All of the data below should be printed again exactly, pictures excluded.

## DATASET SECTION
>>>>

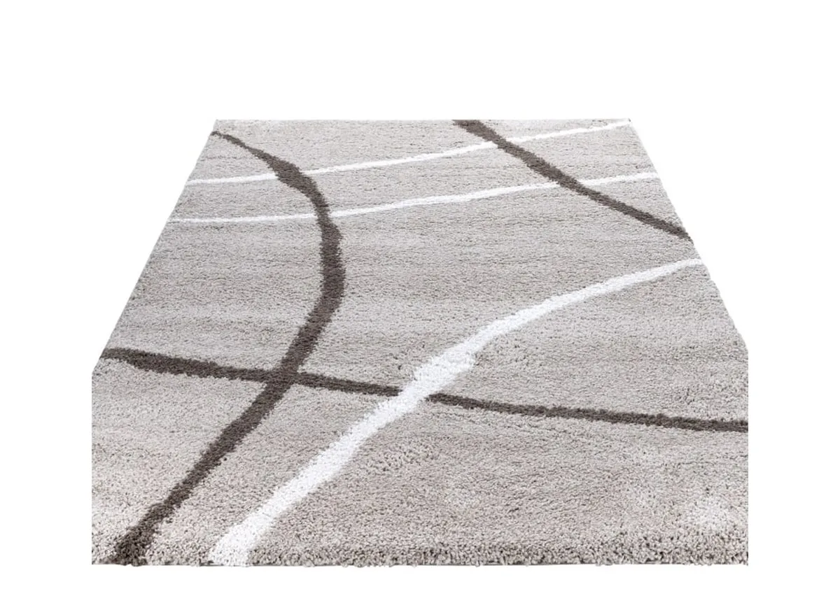 Contemporary in its design, the Gridlock Medium Taupe Rug boasts curved lines and warm neutral shades.
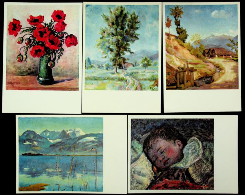 Switzerland 5 unused coloured Pro Infirmis PPC depicting various works of art (Image)
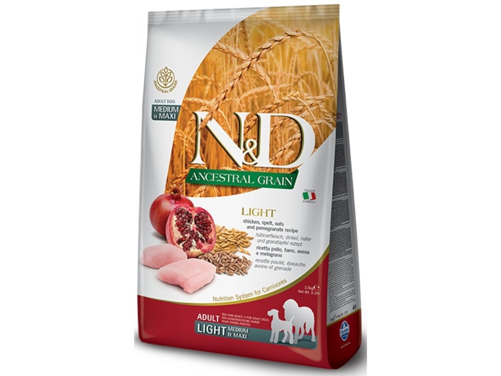 Receptura s kuřecím masem a granátovým jablkem pro dospělé psy s potřebou snížit tělesnou hmotnost. Pro psy středních a velkých plemen.
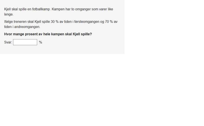 I oppgave 22 skal elevene finne ut hvor stor del av en hel fotballkamp Kjell skal spille, når han skal spille 30 % av tiden i førsteomgang og 70 % av tiden i andreomgang. Elever som ikke tar hensyn til helheten, legger sammen de to prosenttallene, 30 % og 70 %, og svarer 100 %.

<<<<

## EXERCISE SOLUTION
 Contemporary in its design, the Gridlock Medium Taupe Rug boasts curved lines and warm neutral shades.
 Switzerland 5 unused coloured Pro Infirmis PPC depicting various works of art (Image)
 Receptura s kuřecím masem a granátovým jablkem pro dospělé psy s potřebou snížit tělesnou hmotnost. Pro psy středních a velkých plemen.
 I oppgave 22 skal elevene finne ut hvor stor del av en hel fotballkamp Kjell skal spille, når han skal spille 30 % av tiden i førsteomgang og 70 % av tiden i andreomgang. Elever som ikke tar hensyn til helheten, legger sammen de to prosenttallene, 30 % og 70 %, og svarer 100 %.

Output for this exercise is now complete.